The incidence of DEs (primary outcome) in the entire cohort will be characterized using proportions and 95% confidence intervals. In addition, the incidence of each diagnostic process failure point in the DEER taxonomy (secondary outcome) will be calculated for all patients with DEs. These results will also be rolled up for each category (i.e., presence of any element within a given category). We will follow a similar approach to analyzing measures of Safety II criteria (e.g., “good catches”).

The effect of the program as a whole on primary and secondary outcomes will be assessed using interrupted time series methodology. We will track error rates during the 12 months before the start of any interventions. We will then track error rates during the 36 months once the program starts. We will measure the change in the y-intercept (“change in step,” i.e., sudden improvement with the initiation of the program) and change in slope (change in the baseline temporal trend). Significant improvements in one (without significant worsening in the other) will be considered evidence of benefit.

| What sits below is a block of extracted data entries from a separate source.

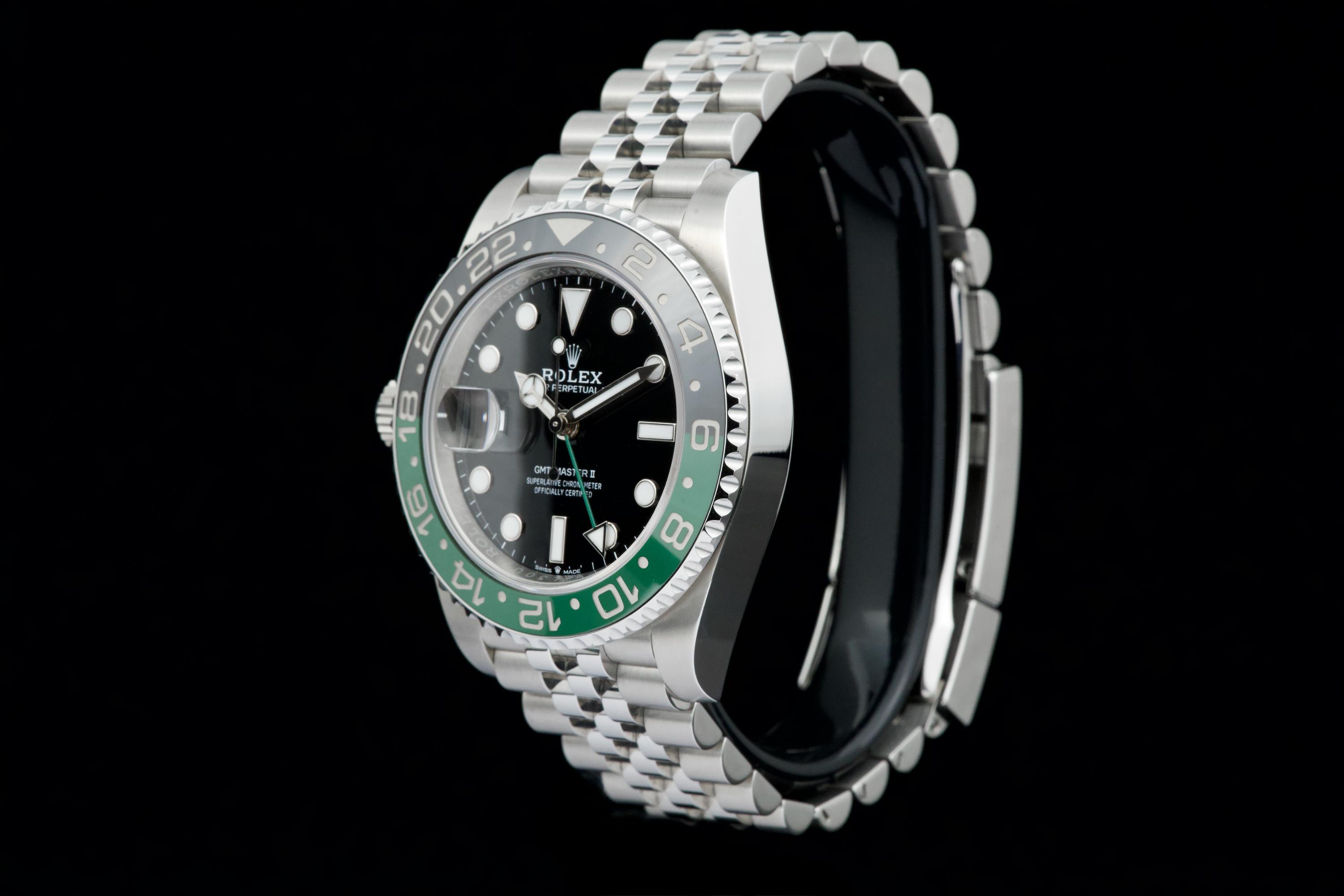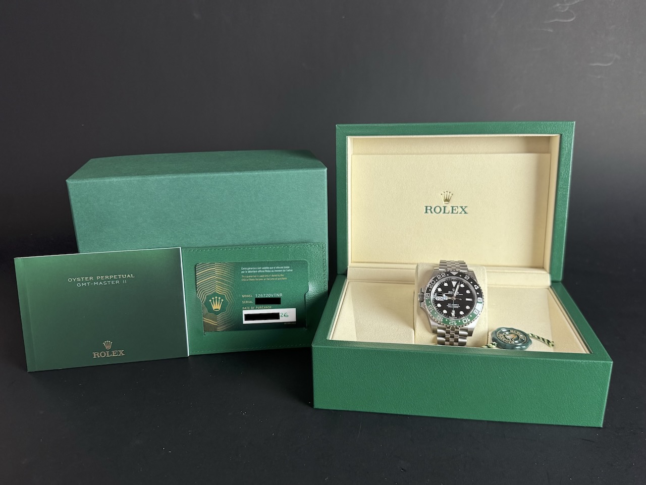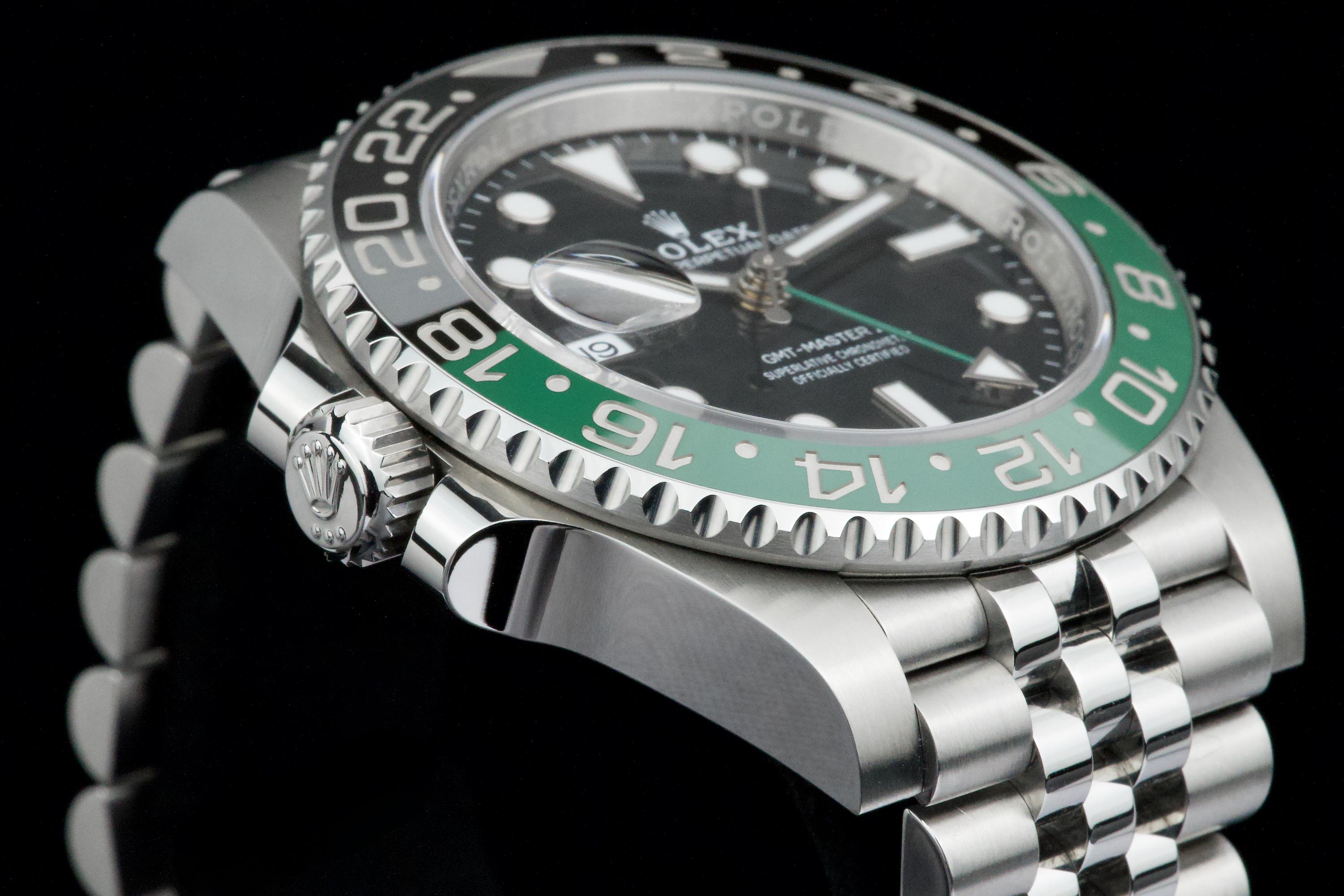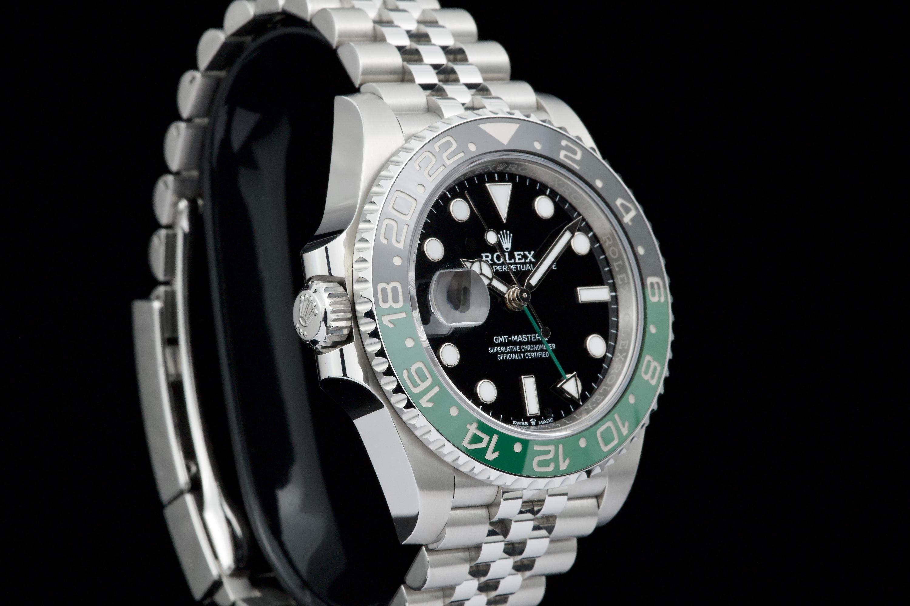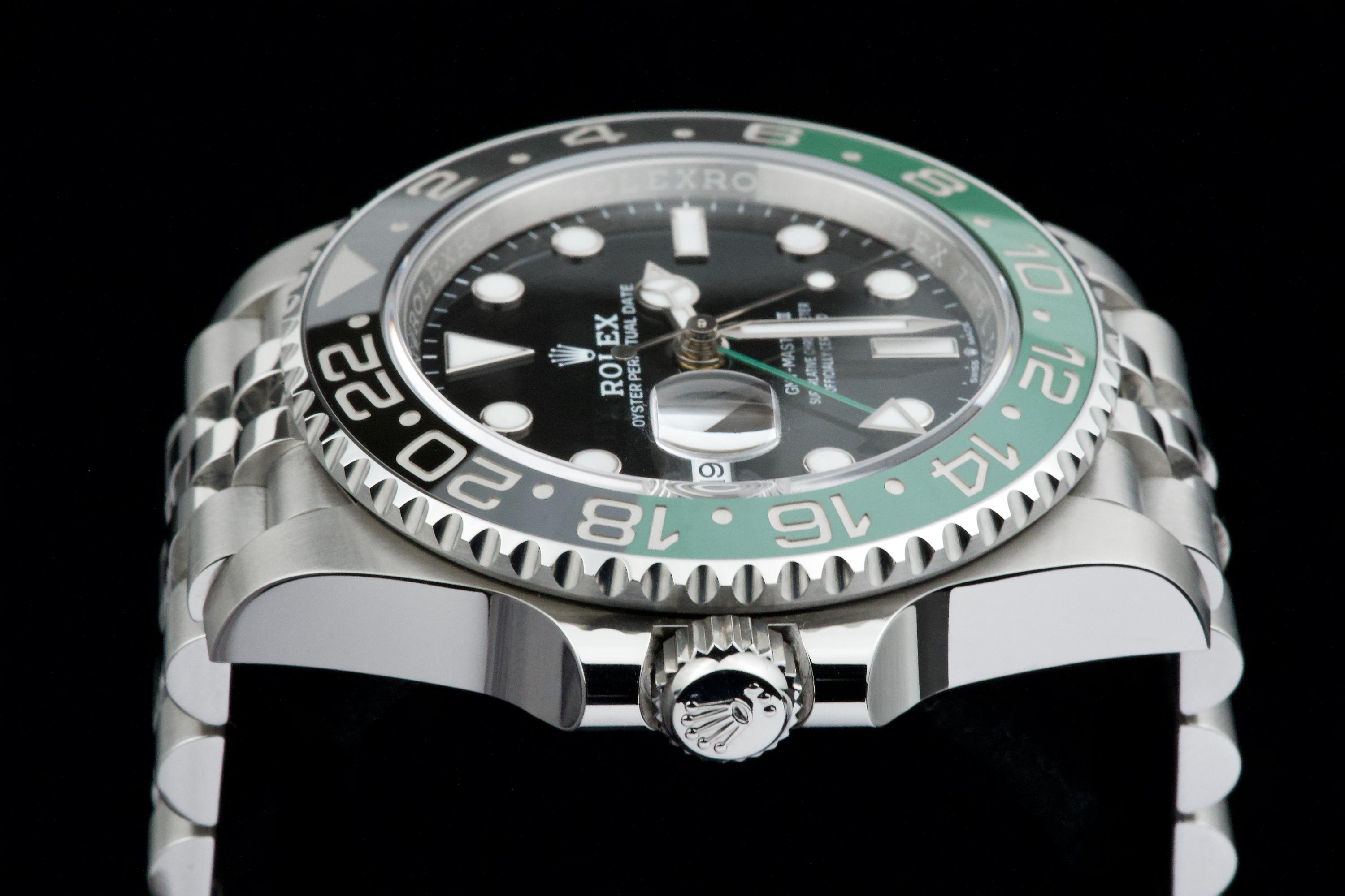 Presented here is a contemporary and highly desirable example of the Rolex GMT-Master II reference 126720VTNR. Instantly recognizable for its distinctive green and black Cerachrom bezel and left-handed crown configuration, this modern GMT-Master II stands among the most distinctive recent additions to the Rolex professional range. This example dates to 2026 and is offered in mint condition, appearing to have been worn only once, with the case and bracelet retaining their crisp, factory-defined lines. The watch is accompanied by its full set, including original box, papers, and accessories. A superb opportunity to acquire an almost unworn example of a highly collectible modern GMT-Master II, combining contemporary design, technical robustness, and strong collector appeal.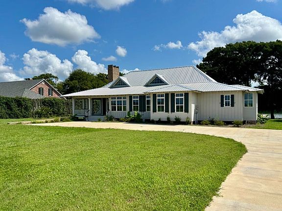 Beautiful new home on 150' of Lake Bruin. This is an airy modern home with old home charm. Home has 2628 sq. ft of heated and cooled area. It has fantastic light from fine windows all through. Top end appliances and features throughout. It has an open floor plan with a fine brick paved foyer, living area and kitchen. There are three big bedrooms with 3 full beautiful baths and one half bath. An office could also be the fourth bedroom. It has 3,574 sq. ft under roof with over 900 sq. ft in fine wrap around porches. Fireplace on porch has separate flue from inside fireplace. The lake front is landscaped and has a pier with a spacious boat slip. It has a 22KW Generac stand by generator for power outages.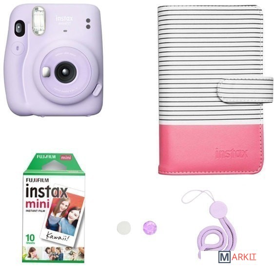 - фотопленка Instax Mini (10 снимков)- две кнопки спуска затвора- шнурок на запястье- жесткий чехол- документация |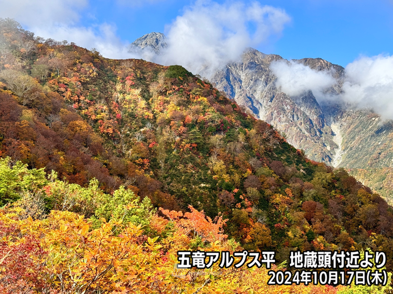 日中は次第に風が弱まり天気は回復傾向ですが、谷川岳、北アルプス北部や南アルプス周辺、大台ヶ原など太平洋側の山岳では雲が多くなる可能性があります。
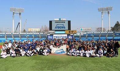 On Saturday, February 14, ITOCHU Baseball Class was held at Meiji Jingu Stadium. This class has been held since 2007 to encourage children with disabilities to enjoy playing baseball. 46 children were paired with employee volunteers from 20 ITOCHU Group companies. While interacting with the employees, children experienced throwing, hitting, and base-running with coaches from the Tokyo Yakult Swallows Baseball Academy. A total of 211 people, including the children's families, enjoyed the class this year.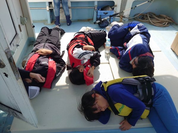 少し波にうねりがあったため、船酔いする子たちも、、、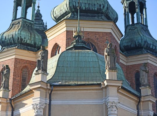 Z zewnątrz kaplica wyróżnia się kopułowym dachem ze złotą koroną i krzyżem oraz ustawionymi w drugiej połowie XX wieku kamiennymi posągami Dobrawy, Mieszka I, Bolesława Chrobrego i biskupa Jordana.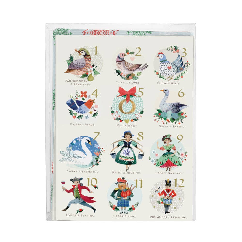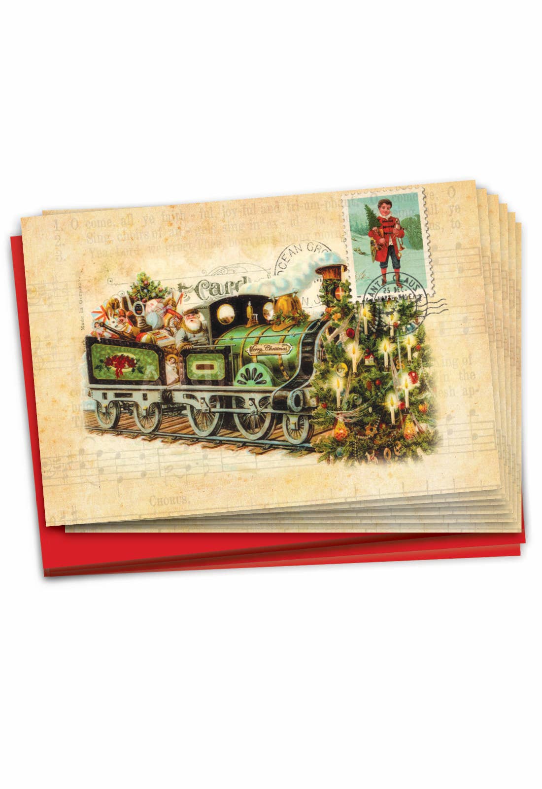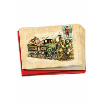 Send Christmas cheer with this festive card set featuring original art of Christmas-themed postage stamps. Part of our colorful holiday collection, this set of 8 blank cards is the perfect place to share your holiday greetings with family and friends. These eco-friendly cards are printed on high-quality, 100% recycled paper in Raleigh, NC, and include matching recycled kraft envelopes. + Set of 8 greeting cards with envelopes, 2 of each design + Blank folded card, size A2 4.25" L × 5.5" W + Printed on uncoated 100% recycled white cover paper + Comes with 100% recycled brown kraft envelopes + Boxed set of 8 + Sustainably printed in North Carolina + Packaged in recyclable & compostable materials + Original artwork copyrighted © by Chrissie Van Hoever
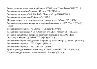 Описание: Приведены ТТХ, общие виды и краткое описание десантных кораблей и катеров СССР и России.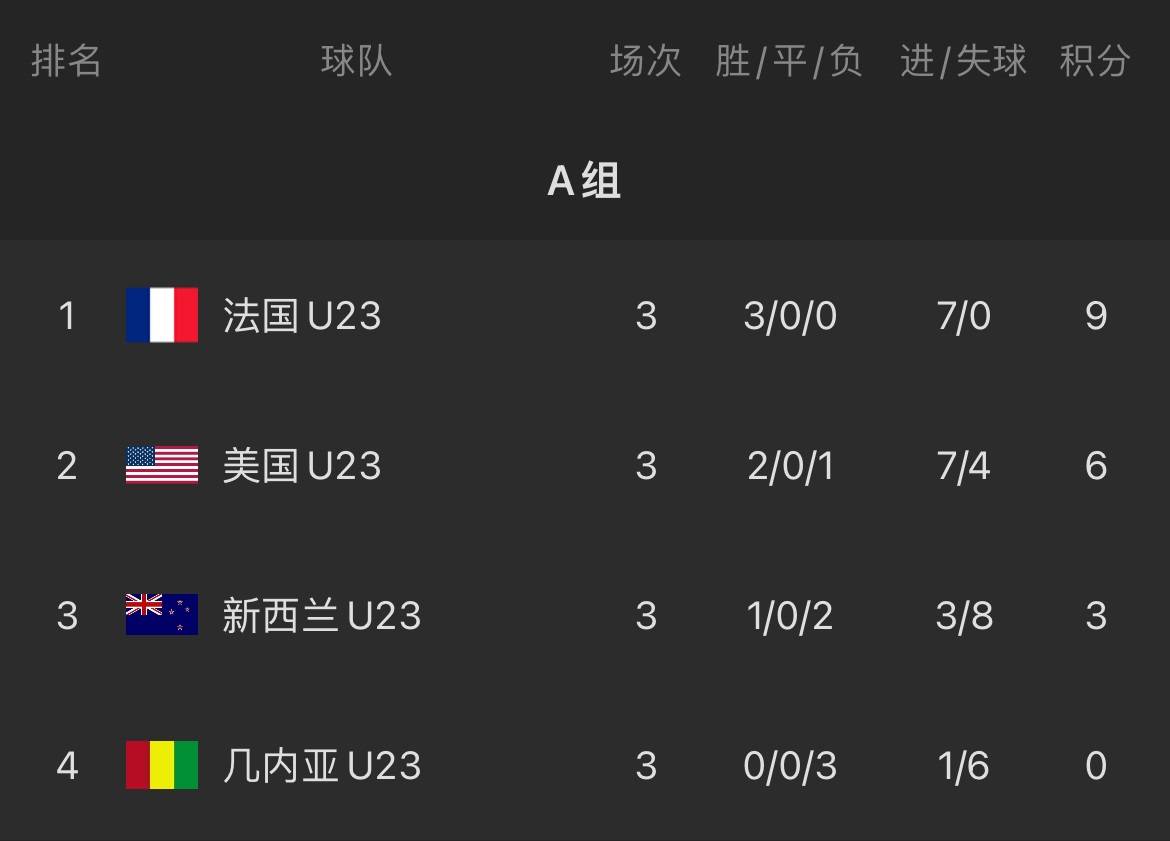 法国、美国、新西兰、几内亚,东道主显然没亏待自己,除了美国,新西兰、几内亚实力有限。虽然没能招入姆巴佩这样的猛人,但亨利执教的这支法国国奥,总身价仍高达3.93亿欧元,纸面实力最强。小组赛3战全胜积9分小组第一出线,进7球0失球,与日本并列小组赛成绩最好。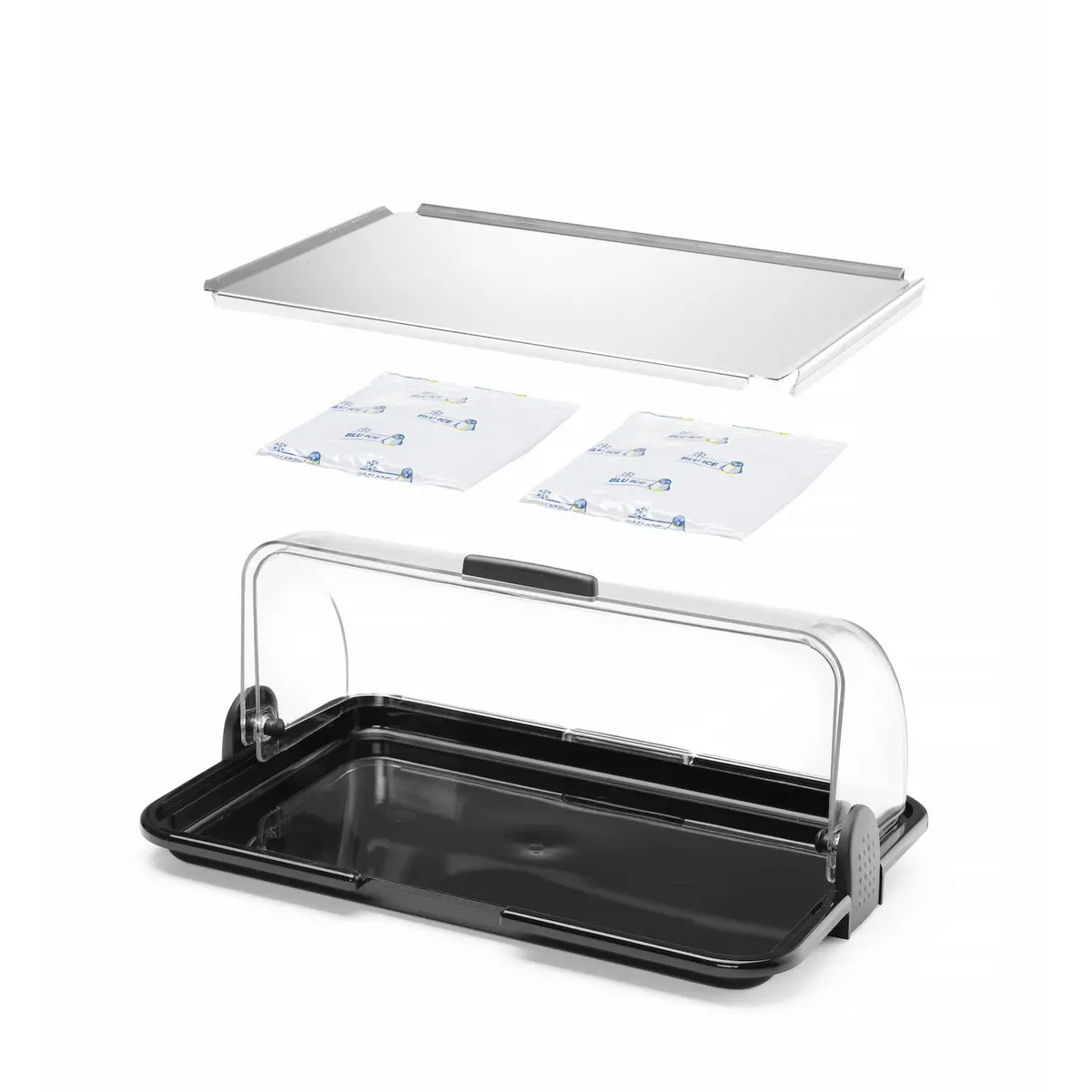Capacul transparent cu mecanism de rulare asigură acces facil la preparate din ambele părți, iar construcția din oțel inoxidabil garantează durabilitate și întreținere ușoară. Vitrina include două inserturi cu gel, care permit trecerea rapidă de la modul de răcire la cel de încălzire, în funcție de necesități.

We will use segmented multivariable regression by month to evaluate baseline and changes in y-intercept and slope over time. We will use logistic regression for dichotomous outcomes (presence or absence of any DE, presence or absence of any severe DE); and Poisson regression for “count” outcomes (number of DEs per patient, number of diagnostic process faults per patient). We will use generalized linear mixed models (e.g., Proc GLIMMIX in SAS) for fixed and random effects. Random effects will include attending physician at admission and study site. Fixed effects for potential confounders (gathered from EHR data, Vizient Data, and adjudication forms) will include: teaching versus nonteaching team, admission by night-float, admission service (medicine vs. other), admission source (emergency department [ED] vs. interhospital transfer vs. other), admission diagnosis category (using clinical classification software for ICD-10 codes), all patients refined diagnosis-related group weight, Elixhauser comorbidity score, hospitalization in the previous 30 days, ED visits in the previous 30 days, number of outpatient visits in the previous 30 days, and demographics (age, sex, race, ethnicity, primary language, median income by zip code, and insurance).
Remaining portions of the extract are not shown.